In three papers, I consider two questions of nationalization in American politics, and one question of the methodology necessary to study them.

Nationalization is the process by which local politics become more like national politics on the basis of political issues and electoral engagement. It is usually measured using the difference in presidential and state-level electoral returns over time. To expand the study of nationalization, I use automated content analysis to derive new measures for the phenomenon’s study based on political text. In particular, I apply automated content analysis via latent dirichlet allocation to code for salient topics in text from national political agenda speech, local agenda speech, and state laws. The primary source for these local agenda codes is a novel database of State of the State addresses, which are like presidential State of the Union addresses, but are delivered by governors. I developed the database over the past seven years as part of this dissertation; it draws from all 50 States, and the earliest captured addresses date to the year 1893. The secondary sources for these codes are the State of the Union addresses and a corpus of laws passed by state legislatures. I utilize the codes from these naturally distinct text corpora to study the nationalization of the political agenda, and how nationalized elections relate to the production of salient laws. The comparison of naturally distinct texts, however, is problematic and requires further examination. To that end, the first paper, “A Theory and Method for Pooling Naturally Distinct Corpora” concerns the theory and method for why we should be able to use, pool, and compare the computer-generated codes from these naturally distinct text corpora to study nationalization. I propose a theoretical framework with which the researcher may defend the pooling of corpora, and introduce an empirical approach to testing for absolute comparability, the delta-statistic. While statistics like the Akaike Information Criterion (AIC) and penalized log likelihood can help the researcher to determine if a model fits the pooled corpora better than the corpora separately, the delta-statistic relies on a strong theory of latent traits to evaluate the absolute quality of a pooled model. This is especially important when it is impossible to evaluate ground truth fit because some data are unlabeled.

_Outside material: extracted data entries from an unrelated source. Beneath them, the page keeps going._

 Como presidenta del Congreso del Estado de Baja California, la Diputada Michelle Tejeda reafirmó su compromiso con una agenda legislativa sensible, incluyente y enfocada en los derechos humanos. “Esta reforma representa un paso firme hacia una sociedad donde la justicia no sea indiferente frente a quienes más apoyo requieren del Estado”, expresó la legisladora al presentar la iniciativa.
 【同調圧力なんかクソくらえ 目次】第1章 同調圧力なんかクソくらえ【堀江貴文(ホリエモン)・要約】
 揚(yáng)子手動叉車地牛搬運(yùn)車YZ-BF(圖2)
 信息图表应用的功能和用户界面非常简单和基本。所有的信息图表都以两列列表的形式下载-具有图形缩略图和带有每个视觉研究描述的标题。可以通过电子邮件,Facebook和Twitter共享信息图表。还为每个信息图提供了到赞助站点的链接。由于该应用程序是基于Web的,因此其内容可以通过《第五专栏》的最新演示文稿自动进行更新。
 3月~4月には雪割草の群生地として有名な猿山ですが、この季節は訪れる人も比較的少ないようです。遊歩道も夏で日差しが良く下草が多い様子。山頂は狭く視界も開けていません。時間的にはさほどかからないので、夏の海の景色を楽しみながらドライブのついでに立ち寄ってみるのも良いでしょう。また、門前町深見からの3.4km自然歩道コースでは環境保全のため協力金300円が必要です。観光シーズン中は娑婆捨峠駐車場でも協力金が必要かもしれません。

The second paper, “Have State Policy Agendas Become More Nationalized?” examines whether the nationalization of state policy agendas is related to the nationalization of gubernatorial elections. The analysis shows that State agendas, as laid out in the State of the State addresses, have become more similar to each other over time. It also shows that State agendas have become more similar to the national agenda, as laid out in the State of the Union addresses. Finally, I demonstrate an increasing relationship between the similarity in the agenda and the nationalization of elections. The findings suggest that the nationalization of the agenda is a significant and related factor to the nationalization of elections.

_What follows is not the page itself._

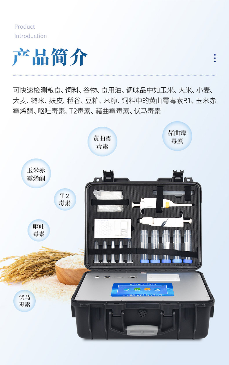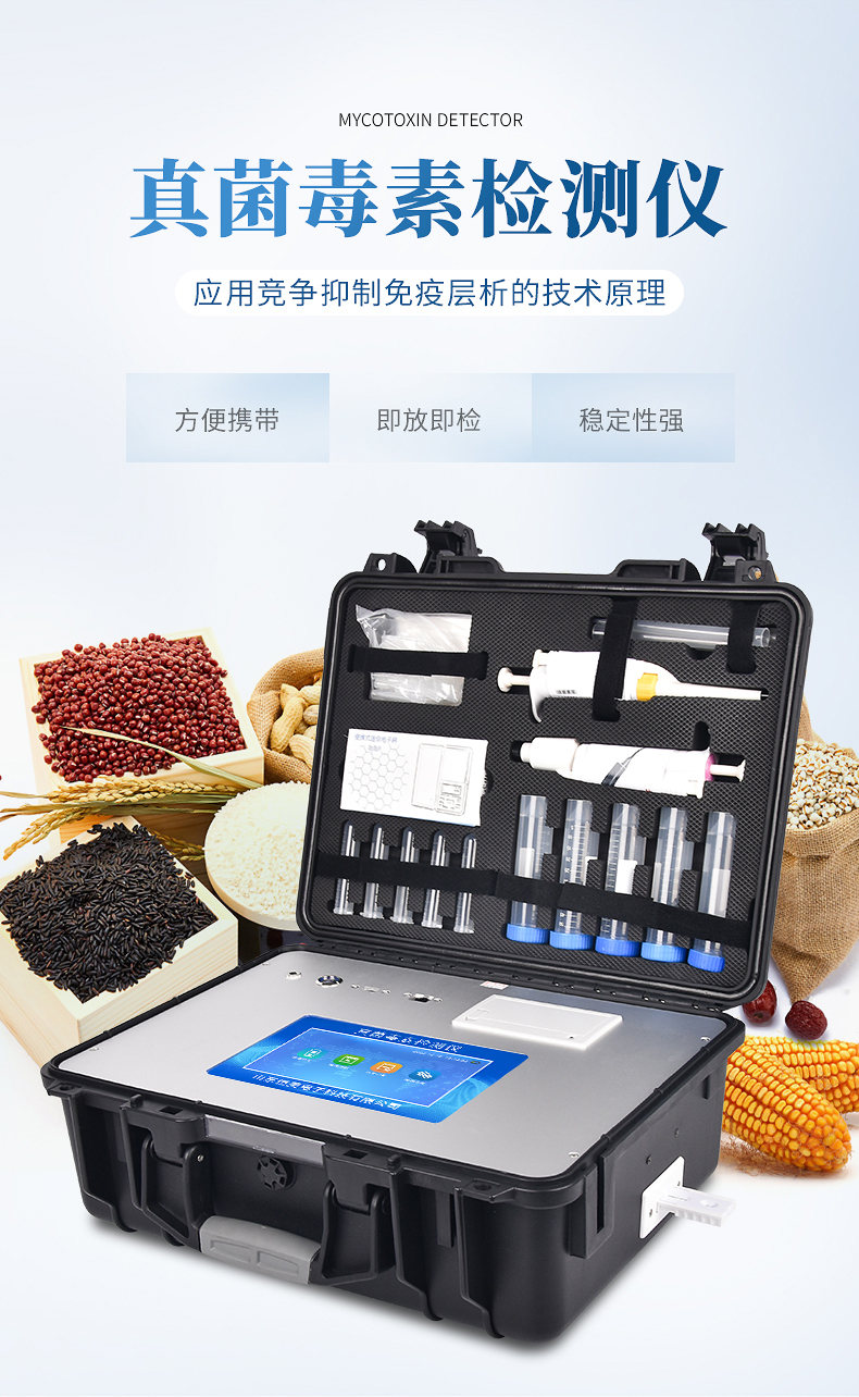 真菌毒素快速檢測儀應用競爭抑制免疫層析的技術(shù)原理,通過就是通過待檢測物與抗體結(jié)合的方法,分析待檢樣品中真菌毒素殘留。可快速檢測糧食、飼料、谷物、食用油、調(diào)味品中如玉米、大米、小麥、大麥、糙米、麩皮、稻谷、豆粕、米糠、飼料中的黃曲霉毒素B1、玉米赤霉烯酮、嘔吐毒素、T2毒素、赭曲霉毒素、伏馬毒素。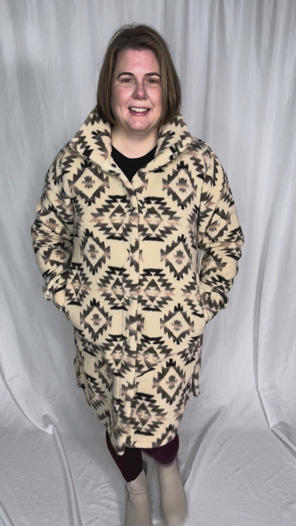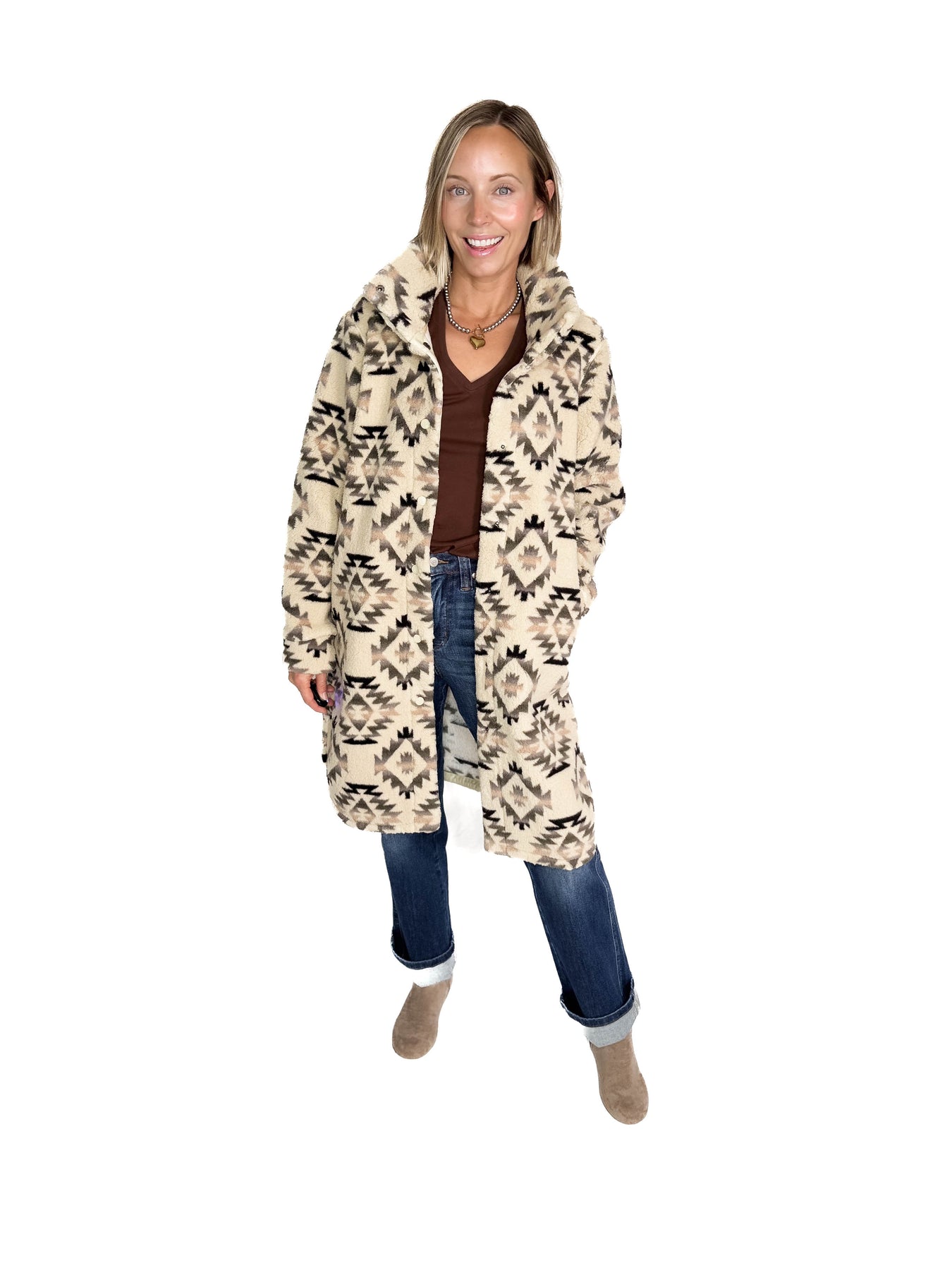 Ainsley Longline Sherpa Jacket- WOOD ASH DIAMOND-FINAL SALE

The third paper, “Can States Govern Effectively When Politics Are Nationalized?” considers the question of whether electoral nationalization moderates the relationship between divided government and legislative productivity in the states. I find a null effect of divided government on salient lawmaking ability, and that nationalization of state legislatures has generally decreased the production of salient laws. The result holds even though nationalization is unrelated to the ability of our state governments to take action on salient issues during times of divided government. The findings suggest that behavioral factors driving lawmaker decisions may be more to blame for lawmaking defects than institutional ones.

Taken together, the essays demonstrate the value of text analysis to the analysis of nationalization and other research topics in American politics.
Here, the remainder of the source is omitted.